INFORMATION SUPPLIED below:
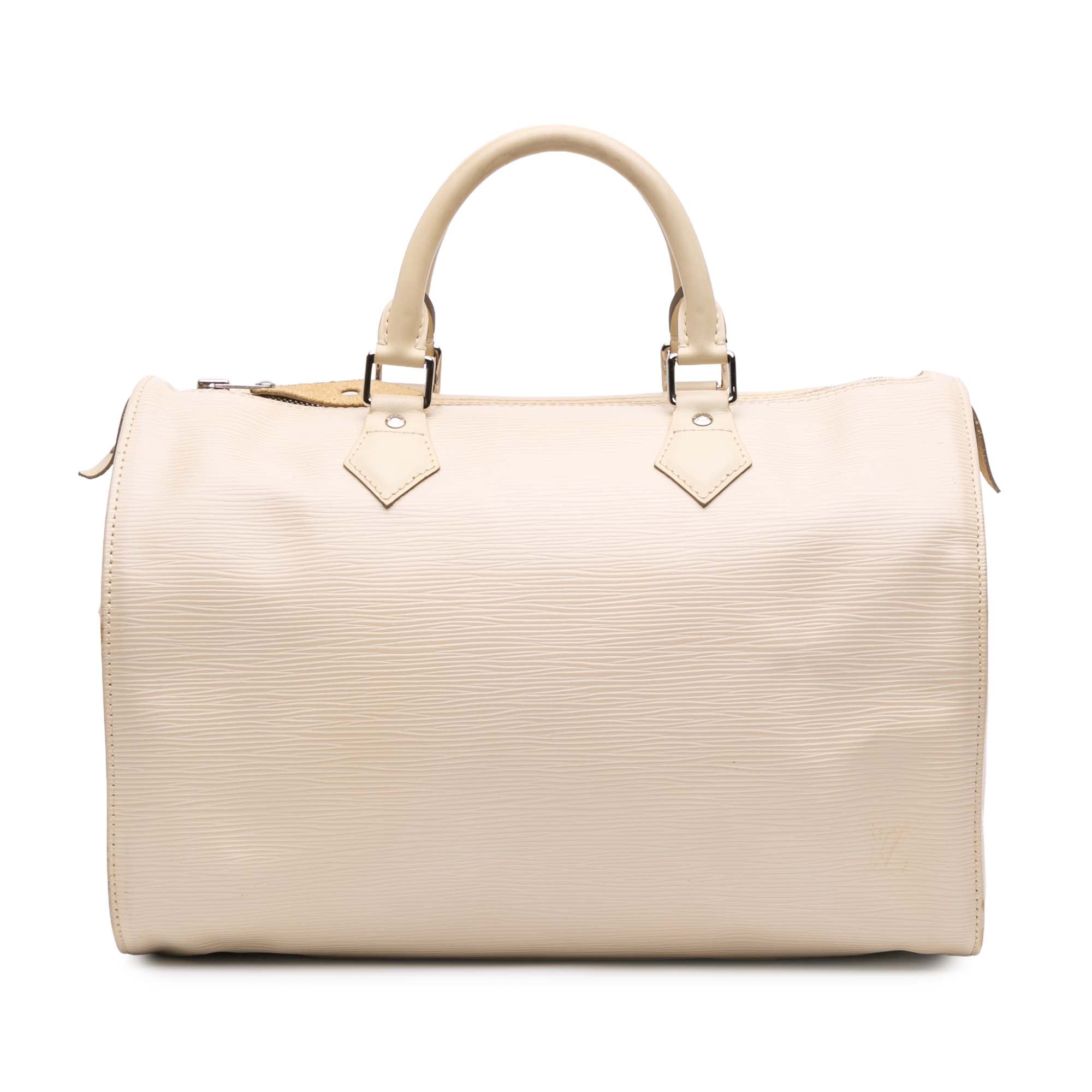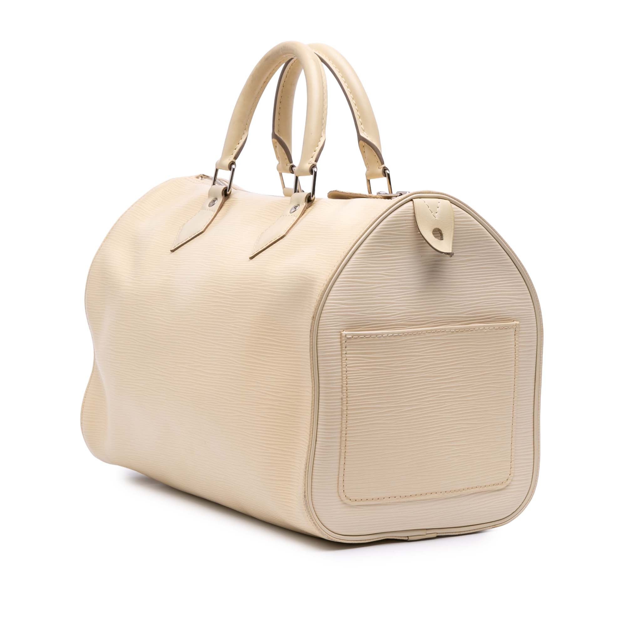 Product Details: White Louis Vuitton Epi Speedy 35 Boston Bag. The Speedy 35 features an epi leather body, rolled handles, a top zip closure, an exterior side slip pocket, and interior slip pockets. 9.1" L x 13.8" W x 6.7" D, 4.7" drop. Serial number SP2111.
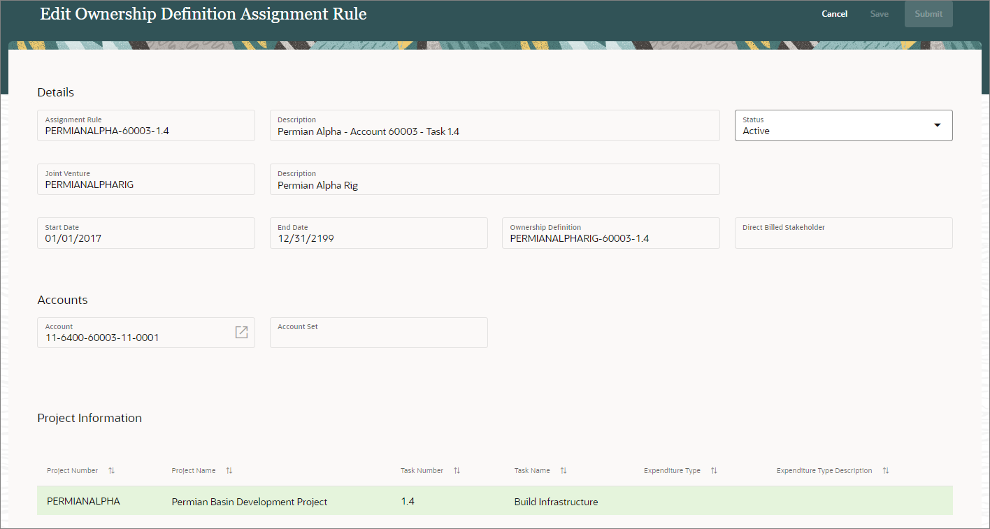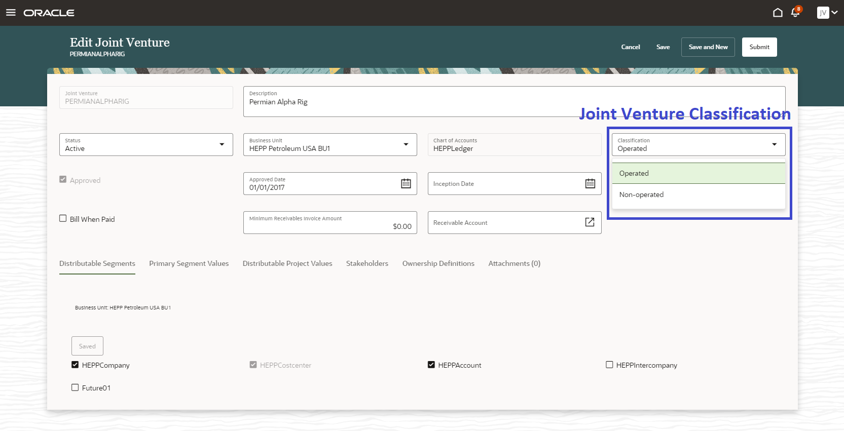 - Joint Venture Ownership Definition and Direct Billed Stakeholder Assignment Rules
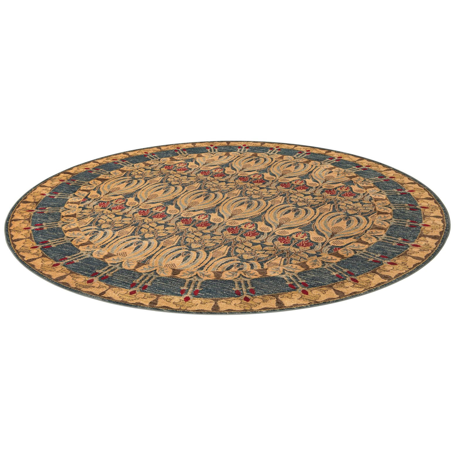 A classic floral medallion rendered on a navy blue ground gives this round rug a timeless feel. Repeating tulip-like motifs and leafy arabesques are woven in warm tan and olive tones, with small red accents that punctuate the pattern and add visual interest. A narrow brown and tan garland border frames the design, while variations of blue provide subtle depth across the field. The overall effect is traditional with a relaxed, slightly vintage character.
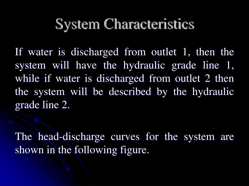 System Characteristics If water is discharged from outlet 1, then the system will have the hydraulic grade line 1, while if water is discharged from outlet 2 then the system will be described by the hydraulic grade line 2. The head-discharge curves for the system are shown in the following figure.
End of INFORMATION SUPPLIED.
Without changing a word, retype the data above and omit its pictures.

◆ RESPONSE AREA:
 Product Details: White Louis Vuitton Epi Speedy 35 Boston Bag. The Speedy 35 features an epi leather body, rolled handles, a top zip closure, an exterior side slip pocket, and interior slip pockets. 9.1" L x 13.8" W x 6.7" D, 4.7" drop. Serial number SP2111.
 - Joint Venture Ownership Definition and Direct Billed Stakeholder Assignment Rules
 A classic floral medallion rendered on a navy blue ground gives this round rug a timeless feel. Repeating tulip-like motifs and leafy arabesques are woven in warm tan and olive tones, with small red accents that punctuate the pattern and add visual interest. A narrow brown and tan garland border frames the design, while variations of blue provide subtle depth across the field. The overall effect is traditional with a relaxed, slightly vintage character.
 System Characteristics If water is discharged from outlet 1, then the system will have the hydraulic grade line 1, while if water is discharged from outlet 2 then the system will be described by the hydraulic grade line 2. The head-discharge curves for the system are shown in the following figure.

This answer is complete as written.